-- Work task --
Keeping pictures out, repeat the lines of the listing below exactly, starting at its first line and finishing with the one that holds "H&M byxor i".

___ Data provided ___

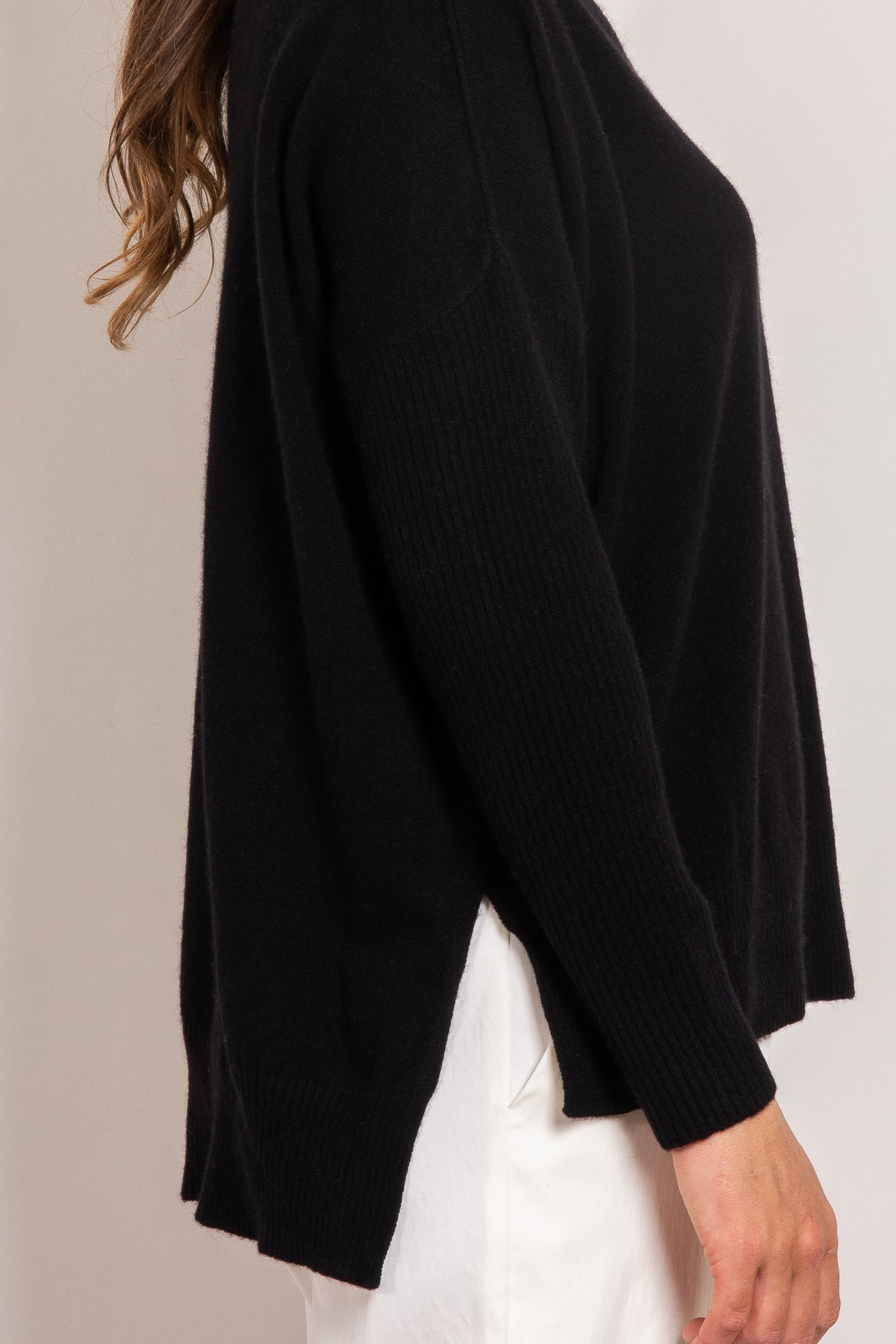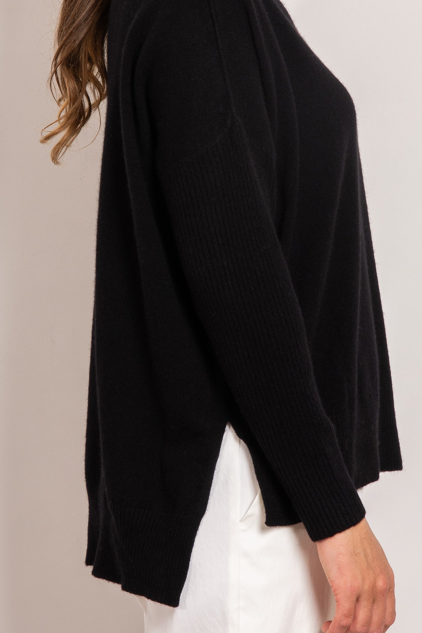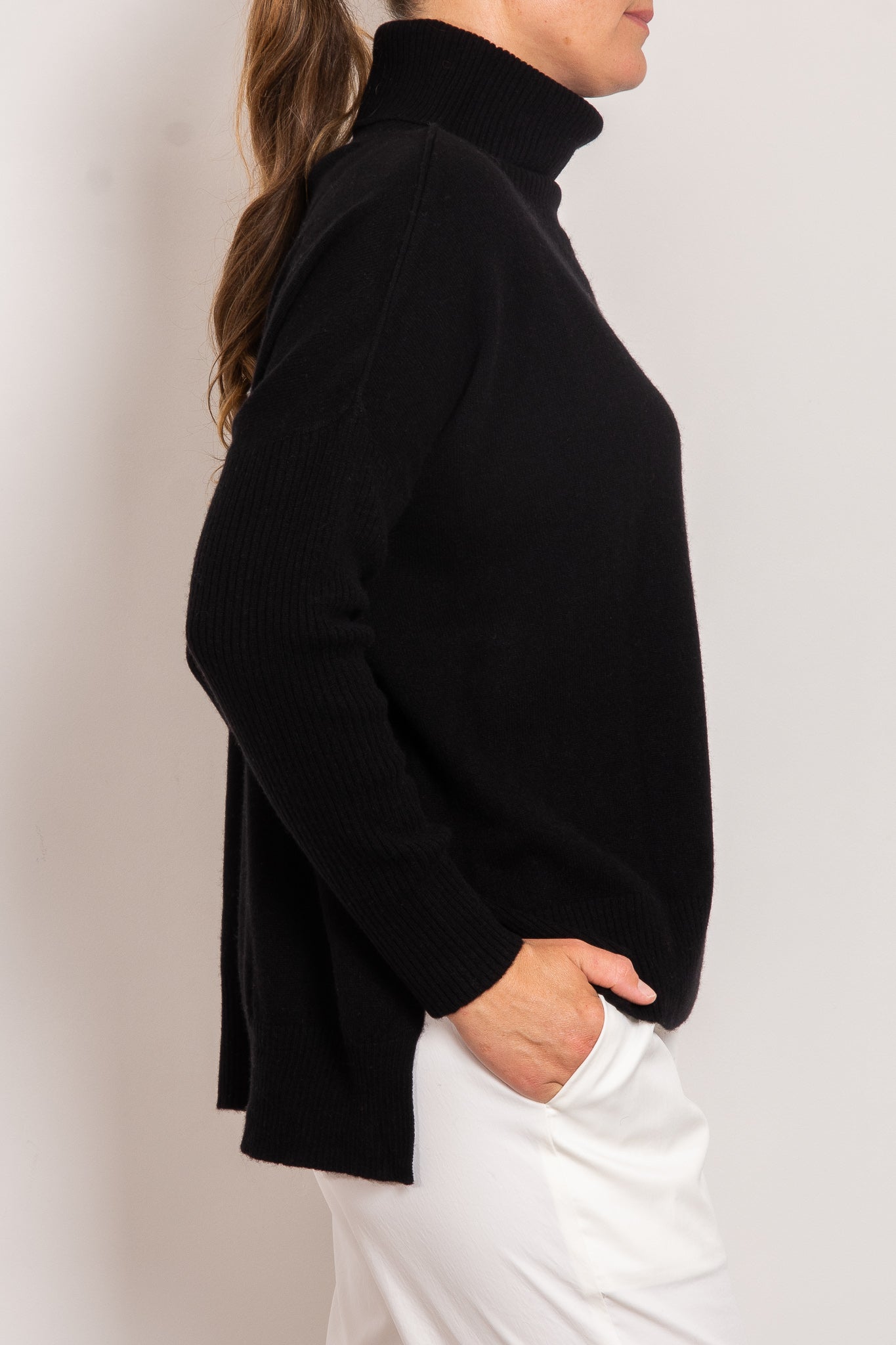 This timeless roll neck knit is made from 100% Mongolian Cashmere. Featuring a flattering rib detail across the hemline and sleeves. The stepped back and side splits create a relaxed drape to maximise comfort. This classic style looks great over jeans and is a winter wardrobe staple.
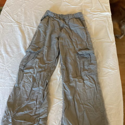 H&M byxor i beige färg, storlek XXS för dam. Tillverkade i bomullsmaterial. Byxorna har en elastisk midja med knappstängning och flera fickor. Passar för vardagligt bruk. Också är storleken 152, för både flickor och pojkar. Den är ganska skrynklig för den har legat i en påse men den går att stryka.
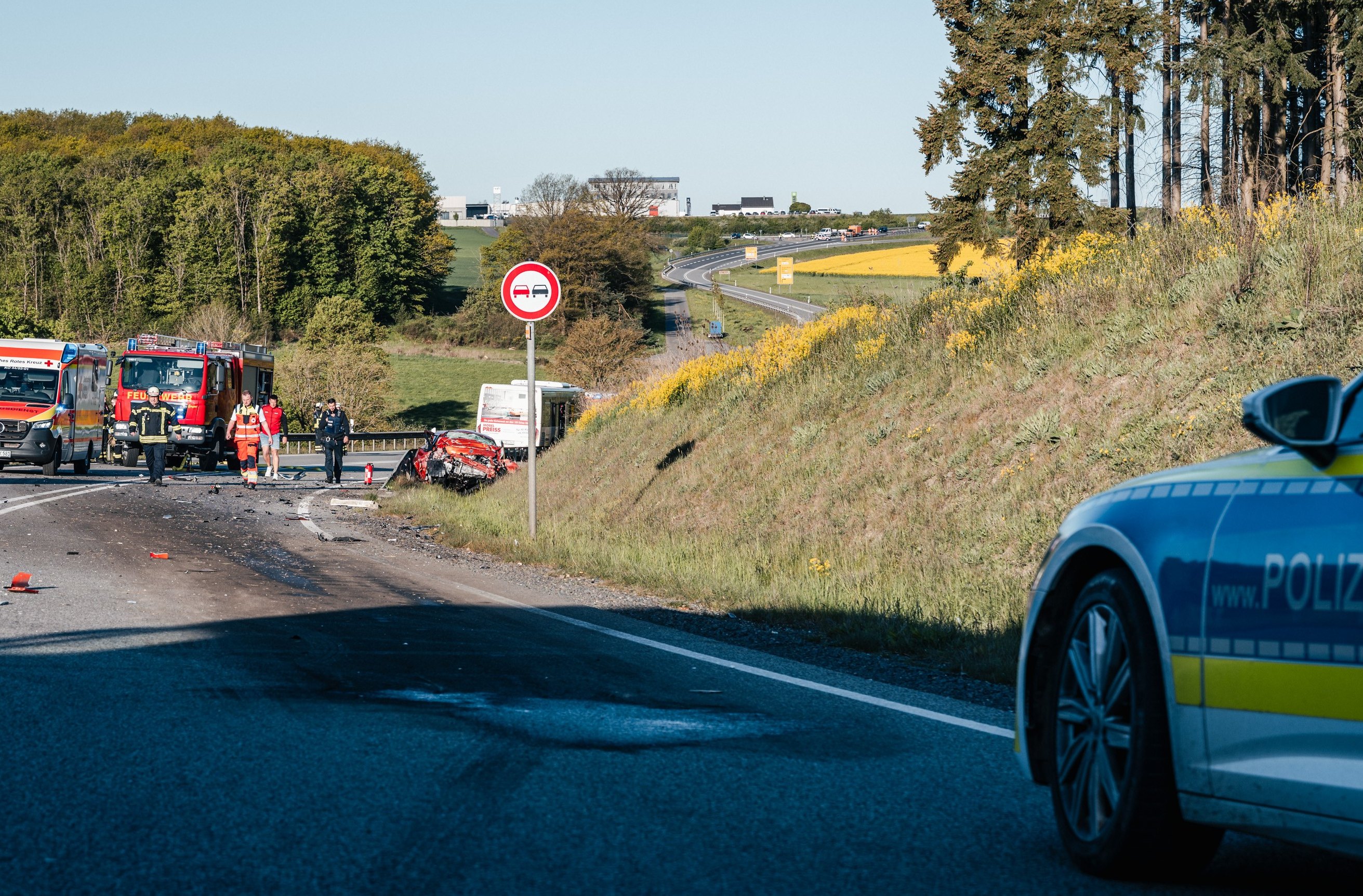 Der Pkw kam nach der Kollision im Straßenbankett neben der Leitplanke zum Stehen, der Bus rund 200 Meter weiter auf der Fahrbahn. An beiden Fahrzeugen entstand wirtschaftlicher Totalschaden. Zum genauen Unfallhergang ermittelt die Polizei. Die B327 bleibt zunächst in beide Fahrtrichtungen gesperrt.

___

-- Task answer --
 This timeless roll neck knit is made from 100% Mongolian Cashmere. Featuring a flattering rib detail across the hemline and sleeves. The stepped back and side splits create a relaxed drape to maximise comfort. This classic style looks great over jeans and is a winter wardrobe staple.
 H&M byxor i beige färg, storlek XXS för dam. Tillverkade i bomullsmaterial. Byxorna har en elastisk midja med knappstängning och flera fickor. Passar för vardagligt bruk. Också är storleken 152, för både flickor och pojkar. Den är ganska skrynklig för den har legat i en påse men den går att stryka.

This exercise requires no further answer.